**Your goal:** Retype word for word the first line of the listing and each line after it up to the line with "Nada más finalizado", with the pictures taken out.
Recorded data: Begin
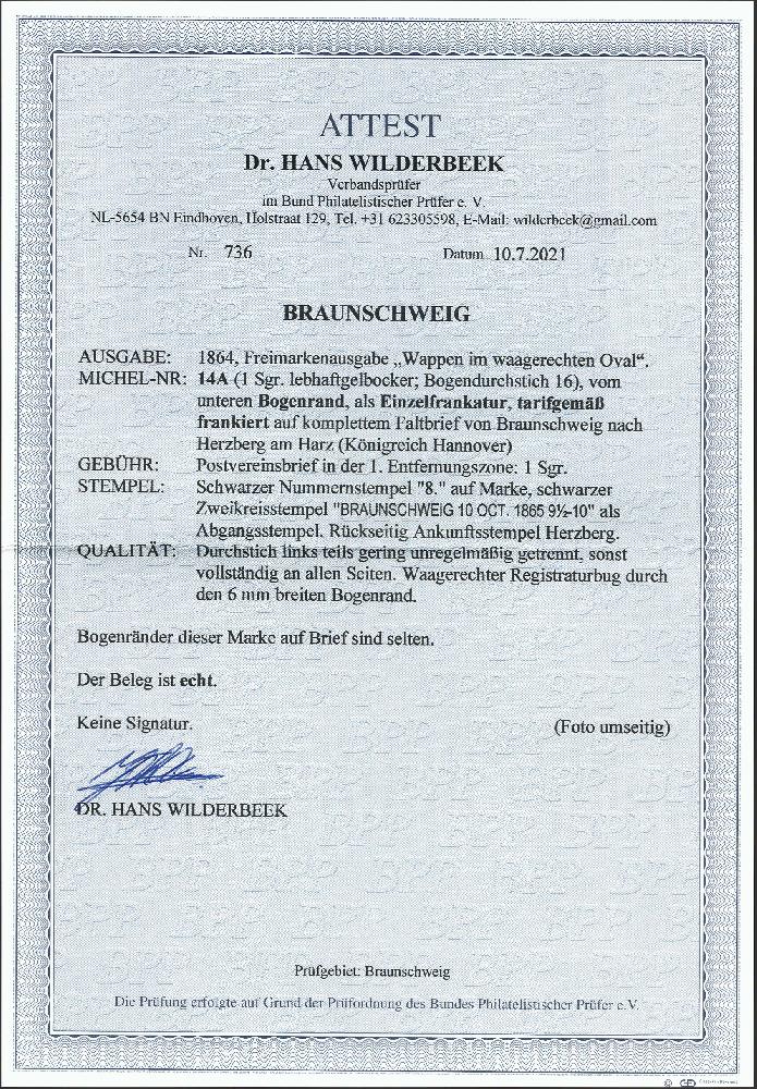 | Prüfer: | Wilderbeek, Hans (BPP (Bund Philatelistischer Prüfer)) |
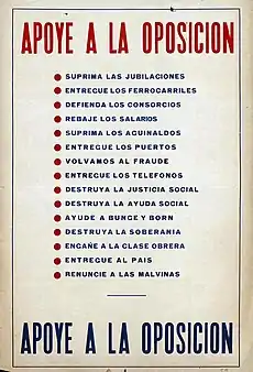 Nada más finalizado los comicios, la situación de tensión se reanudó y Perón ordenó el retorno del estado de guerra interno el 12 de noviembre.[38] El reelecto vicepresidente Juan Hortensio Quijano falleció en abril de 1952, antes de asumir su segundo mandato, por lo cual en 1954 se celebraron comicios para vicepresidente. Ya iniciado su segundo periodo presidencial, el gobierno peronista comenzó a tornarse cada vez más represivo, sobre todo después del fallecimiento de Eva Perón tan solo un mes más tarde, y los ataques contra la oposición se intensificaron. A partir de 1954, Perón pasó de buscar una alianza con la Iglesia católica (como en su primer mandato) a atacarla sistemáticamente, contribuyendo a la creciente oposición de sectores organizados de la sociedad en su contra, conduciendo a su caída en 1955.[52]
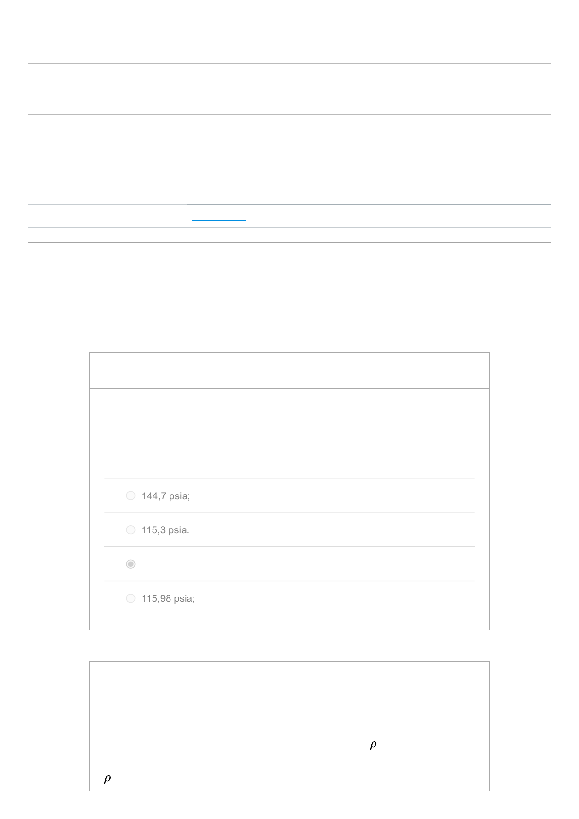 21/03/2021 UNIDADE II_TEORIA_1_2021: Fenômenos de Transportes - Engenharia de Produção - Campus Poços de Caldas - PPC - Manhã … https://pucminas.instructure.com/courses/63739/quizzes/172848 1/6 UNIDADE II_TEORIA_1_2021 Entrega 21 mar em 23:59 Pontos 3 Perguntas 10 Disponível 15 mar em 14:00 - 21 mar em 23:59 6 dias Limite de tempo Nenhum Histórico de tentativas Tentativa Tempo Pontuação MAIS RECENTE Tentativa 1 121 minutos 2,4 de 3 As respostas corretas estarão disponíveis em 22 mar em 0:00. Pontuação deste teste: 2,4 de 3 Enviado 21 mar em 23:06 Esta tentativa levou 121 minutos. 0,3 / 0,3 ptsPergunta 1 Uma indústria está localizada em uma área cuja pressão atmosférica é de 725 mmHg. Um manômetro instalado em uma linha de alta pressão indica 130 psig. Determinar a pressão absoluta do vapor em (psia) . 144,7 psia; 115,3 psia. 144,02 psia; 115,98 psia; 0,3 / 0,3 ptsPergunta 2 Considere dois veículos iguais parados, e assumindo que o tanque de combustível de um esteja abastecido com gasolina ( = 680 kg/m³) e que o tanque do outro esteja abastecido com mesmo volume de etanol ( = 789 kg/m³) , é correto afirmar que: ρ ρ https://pucminas.instructure.com/courses/63739/quizzes/172848/history?version=1 21/03/2021 UNIDADE II_TEORIA_1_2021: Fenômenos de Transportes - Engenharia de Produção - Campus Poços de Caldas - PPC - Manhã … https://pucminas.instructure.com/courses/63739/quizzes/172848 2/6 A pressão no fundo dos dois tanques é a mesma, pois o tipo de combustível não influencia na pressão. A pressão no fundo do tanque com gasolina é menor que a pressão no mesmo ponto no tanque com etanol. A pressão no fundo do tanque com etanol é menor que a pressão no mesmo ponto no tanque com gasolina. Em qualquer ponto que seja medida a pressão dentro dos tanques o valor seria o mesmo. 0,3 / 0,3 ptsPergunta 3 Dois reatores são conectados por um tubo em U com mercúrio em seu interior. Sabendo que a pressão no reator 2 é maior que no reator 1 e que a pressão no reator 1 é de 98280 Pa, determinar as pressões relativa e absoluta no reator 2, em (Pa). O desnível do mercúrio é de 550 mm e a densidade do mercúrio 13600 kg/m . Dado: aceleração da gravidade, g= 9,81 m/s 3 2 1,70 e 0,73 atm 73300 e 171580 Pa 0,73 e 1,70 atm 173080 e 74800 Pa 74800 e 74800 Pa 21/03/2021 UNIDADE II_TEORIA_1_2021: Fenômenos de Transportes - Engenharia de Produção - Campus Poços de Caldas - PPC - Manhã … https://pucminas.instructure.com/courses/63739/quizzes/172848 3/6 0 / 0,3 ptsPergunta 4IncorretaIncorreta A Estática dos Fluidos é uma área importante da Mecânica dos Fluidos. Marque a opção que melhor define a área de aplicação da Estática dos Fluidos. Aplica-se à análise de fluidos incompressíveis; Aplica-se à análise de fluidos em movimento; Aplica-se à análise de fluidos viscosos; Aplica-se à análise de fluidos em repouso. 0,3 / 0,3 ptsPergunta 5 O piezômetro é um dispositivo usado para: medir a pressão através de uma membrana elástica; medir a pressão através de uma coluna de fluido; medir a pressão através de um manômetro diferencial; medir a pressão através de um mostrador com ponteiro. 0 / 0,3 ptsPergunta 6IncorretaIncorreta CANO (2018) Determinar a pressão absoluta, em (kPa), nos ouvidos de um mergulhador a 200 m de profundidade em água (massa específica 998kg/m ) e a quantidade de vezes que esta pressão é maior do que a pressão atmosférica. 3 21/03/2021 UNIDADE II_TEORIA_1_2021: Fenômenos de Transportes - Engenharia de Produção - Campus Poços de Caldas - PPC - Manhã … https://pucminas.instructure.com/courses/63739/quizzes/172848 4/6 1957,4 kPa e 19,3 vezes 2058,7 kPa e 20,3 vezes 101,3 kPa e 20 vezes 1957,4 kPa e 20,3 vezes 0,3 / 0,3 ptsPergunta 7 Um tanque aberto para a atmosfera armazena glicerina. Determinar a pressão de um elemento fluido a uma profundidade de 20 cm e a pressão manométrica neste mesmo ponto, em (kPa). Massa específica da glicerina = 1260 Kg/m .3 103,78 e 2,48 kPa 2,479 e 2,48 kPa 103,78 e 248 kPa 2,48 e 103,78 kPa 0,3 / 0,3 ptsPergunta 8 Ao nível do mar, uma atmosfera normal equivale a: a) 760 mmHg; b) 14, 7 psia; c) 1,033 Kgf/cm ; d) 0,968 atm; e) 10,332 mca; f) 101,3 kPa. 2 21/03/2021 UNIDADE II_TEORIA_1_2021: Fenômenos de Transportes - Engenharia de Produção - Campus Poços de Caldas - PPC - Manhã … https://pucminas.instructure.com/courses/63739/quizzes/172848 5/6 a,b,c,f. a,b,c,e,f; a,c,e,f; a,b,e,f; 0,3 / 0,3 ptsPergunta 9 Assinalar a (s) frase (s) corretas: A pressão em um fluido homogêneo em equilíbrio estático varia linearmente com a profundidade; A pressão que um fluido exerce no fundo de um vaso é sempre igual ao quociente do peso do fluido pela área do fundo; Superfície de nível é uma superfície de cota nula. A pressão exercida por um fluido em equilíbrio é proporcional à sua viscosidade; 0,3 / 0,3 ptsPergunta 10 Um recipiente contém 500 litros de hidrogênio à pressão absoluta de 2,0 kgf/cm . A seguir, é comprimido, reduzindo seu volume para 160 litros. Determinar a nova pressão absoluta em (Pa), o módulo de elasticidade volumétrica em (Pa) e o coeficiente de compressibilidade em condições isotérmicas (temperatura constante) e assumindo comportamento de gás ideal. 2 21/03/2021 UNIDADE II_TEORIA_1_2021: Fenômenos de Transportes - Engenharia de Produção - Campus Poços de Caldas - PPC - Manhã … https://pucminas.instructure.com/courses/63739/quizzes/172848 6/6 196200Pa; 613125Pa; 1,63.10 ;-6 2038,74Pa; 6371,05Pa; 1,5696.10 ;-4 196200Pa; 6371,05Pa; 1,5696.10 .-4 20000Pa; 6250Pa; 1,63.10 ;-4 Pontuação do teste: 2,4 de 3
Recorded data: End
**Solved problem:**
 | Prüfer: | Wilderbeek, Hans (BPP (Bund Philatelistischer Prüfer)) |
 Nada más finalizado los comicios, la situación de tensión se reanudó y Perón ordenó el retorno del estado de guerra interno el 12 de noviembre.[38] El reelecto vicepresidente Juan Hortensio Quijano falleció en abril de 1952, antes de asumir su segundo mandato, por lo cual en 1954 se celebraron comicios para vicepresidente. Ya iniciado su segundo periodo presidencial, el gobierno peronista comenzó a tornarse cada vez más represivo, sobre todo después del fallecimiento de Eva Perón tan solo un mes más tarde, y los ataques contra la oposición se intensificaron. A partir de 1954, Perón pasó de buscar una alianza con la Iglesia católica (como en su primer mandato) a atacarla sistemáticamente, contribuyendo a la creciente oposición de sectores organizados de la sociedad en su contra, conduciendo a su caída en 1955.[52]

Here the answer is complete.